You can think of tokens as the “letters” that make up the “words” and “sentences” that AI systems use to communicate.

A helpful rule of thumb is that one token generally corresponds to ~4 characters of text for common English text. This translates to roughly ¾ of a word (so 100 tokens ~= 75 words).

The process of breaking text down into tokens is called tokenization. This allows the AI to analyze and “digest” human language into a form it can understand. Tokens become the data used to train, improve, and run the AI systems.

Why Do Tokens Matter? There are two main reasons tokens are important to understand:

  1. Token Limits: All LLMs have a maximum number of tokens they can handle per input or response. This limit ranges from a few thousand for smaller models up to tens of thousands for large commercial ones. Exceeding the token limit can lead to errors, confusion, and poor quality responses from the AI.
  2. Cost: Companies like OpenAI, Anthropic, Alphabet, and Microsoft charge based on token usage when people access their AI services. Typically pricing is per 1000 tokens. So the more tokens fed into the system, the higher the cost to generate responses. Token limits help control expenses.

Strategies for Managing Tokens

Because tokens are central to how LLMs work, it’s important to learn strategies to make the most of them:

  • Keep prompts concise and focused on a single topic or question.

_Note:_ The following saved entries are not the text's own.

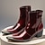 Herrstövlar i glänsande röd läder – elegant glansig finish med bekväm blockklack, snyggt val för julfester
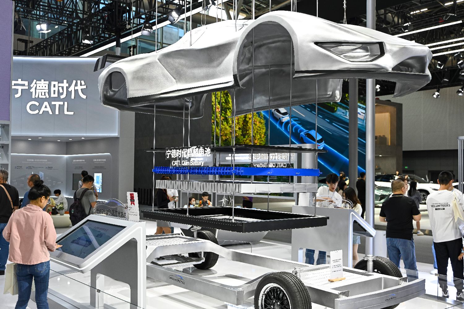 宁德时代展位中的神行超充电池结构模型17日吸引参观者。(图片来源:中新社)
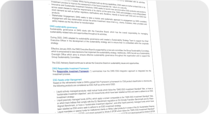 Deutsche Bank Transition toward a sustainable and climate-neutral economy Non-Financial Report 2022 Sustainable finance To mitigate climate change, transformational change is required across all parts of the real economy. Reflecting on the responsibilities as an asset manager in this transformation, DWS is committed to support its clients in managing this transformation by providing expertise and bespoke investment solutions. DWS sustainability strategy is anchored around four strategic priorities. – Corporate Transformation: DWS continues seeking to increase the level of sustainability associated with its activities throughout its organization – ESG in the Investment Process: While having already built-up strong capabilities, DWS seeks to further embed ESG in its investment process to improve the assessment of the future expected risk / return of a security – Innovative and Sustainable Investment Solutions: DWS seeks to launch new and innovative ESG products and solutions across asset classes to meet the requirements of its clients; at the same time, DWS acknowledges a more differentiated client demand as well as further regulatory clarifications and, therefore, intends to launch both ESG and non-ESG new products – Stakeholder Engagement: DWS seeks to take a holistic and systematic approach to engagement as DWS considers engagement with key stakeholders across the entire investment value-chain e.g., clients, investees, index providers and policy makers as the key driver for transformation DWS sustainability governance Sustainability governance at DWS starts with the Executive Board, which has the overall responsibility for managing sustainability-related risks and opportunities throughout its activities. During 2022, DWS adapted its sustainability governance and created a Sustainability Strategy Team to support the Chief Executive Officer in the development of the sustainability strategy and to ensure that it is embedded within the corporate strategy. Effective January 2023, the DWS Executive Board is supported by a new sub-committee, the Group Sustainability Committee, which is empowered to take decisions that implement the sustainability strategy. Additionally, DWS has set-up a Sustainability Oversight Office which aims to ensure effective sustainability governance throughout the organization and to support the Group Sustainability Committee. The ESG Advisory Board continues to advise the Executive Board on sustainability issues and opportunities. DWS Responsible Investment Framework The Responsible Investment Framework (*) summarizes how the DWS ESG integration approach is integrated into the investment process. ESG Assets under Management Based on the refinements made to DWS’s global ESG Framework (a framework for ESG product classification or disclosure), the following products are considered as ESG AuM as at the end of 2022: – Liquid actively managed products: retail mutual funds which follow the "DWS ESG Investment Standard" filter, or have a "sustainable investment objective", and US mutual funds which have been labelled as ESG and seek to adhere to an ESG investment strategy – Liquid passively managed funds (ETFs) which apply a screen comparable to the "DWS ESG Investment Standard" filter, or which track indices that comply with the EU Benchmark regulation on EU Climate Transition Benchmark and EU Paris- Aligned Benchmark, or have a "sustainable investment objective", and other liquid passively managed funds which have been labelled as ESG and/or seek to adhere to an ESG investment strategy – Liquid mandates or special funds for institutional clients or White Label products in-scope of the EU Sustainable Finance Disclosure Regulation (SFDR) and report pursuant to Article 8 SFDR which follow the "DWS ESG Investment Standard" filter or a comparable ESG filter aligned with the client or which are in-scope of SFDR and report pursuant to Article 9 SFDR – Liquid mandates or special funds for institutional clients or White Label products which are out-of-scope of SFDR but comply with certain of the "General Industry Standards and Guidelines for Sustainable Investing" – Illiquid products which are in-scope of SFDR and report pursuant to Article 9 SFDR – Illiquid products which are out-of-scope of SFDR but which have a "sustainable investment objective" 34
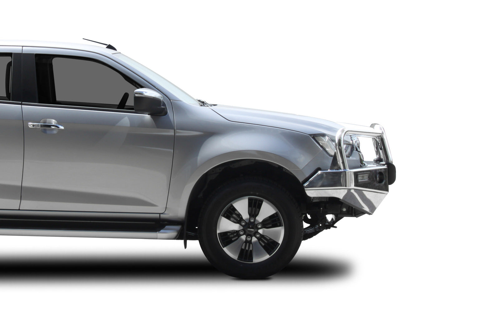 For the ultimate in frontal protection you can't go past the superior strength, quality and style of the ECB Alloy Bullbar for your new Isuzu D-MAX. The single piece channel is fully welded and manufactured from hi-tensile, structural grade alloy to provide maximum protection. Our Bullbar incorporates a full width, braced lower protection skirt and the specifically designed steel mounting system ensures a strong and sturdy fit. ECB LED light combinations, bumper lights, air directional cooling vents and an aerial bracket are all standard features.
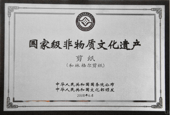 2008年,和林格爾剪紙被國(guó)務(wù)院公布為國(guó)家級(jí)非物質(zhì)文化遺產(chǎn)代表名錄
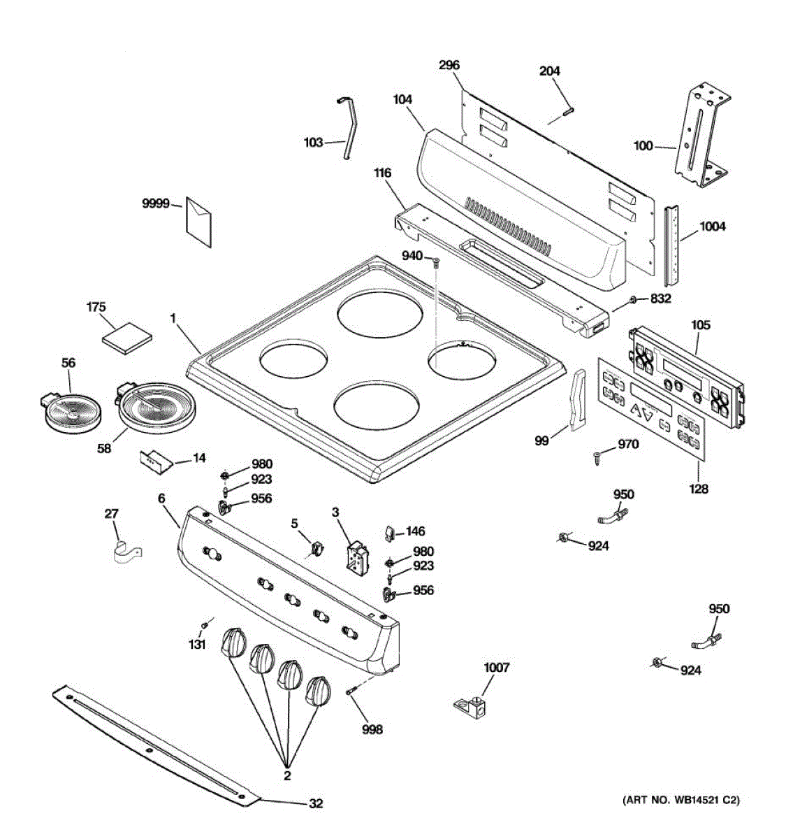 Glass cooktop assembly for ranges. Replaces cracked, chipped, or broken glass surfaces. Installs as the main top cover over burner components.

Don’t overload the AI with tangents.
  • Break long conversations into shorter exchanges before hitting token limits.
  • Avoid huge blocks of text. Summarize previous parts of a chat before moving on.
  • Use a tokenizer tool to count tokens and estimate costs.
  • Experiment with different wording to express ideas in fewer tokens.
  • For complex requests, try a step-by-step approach vs. cramming everything into one prompt.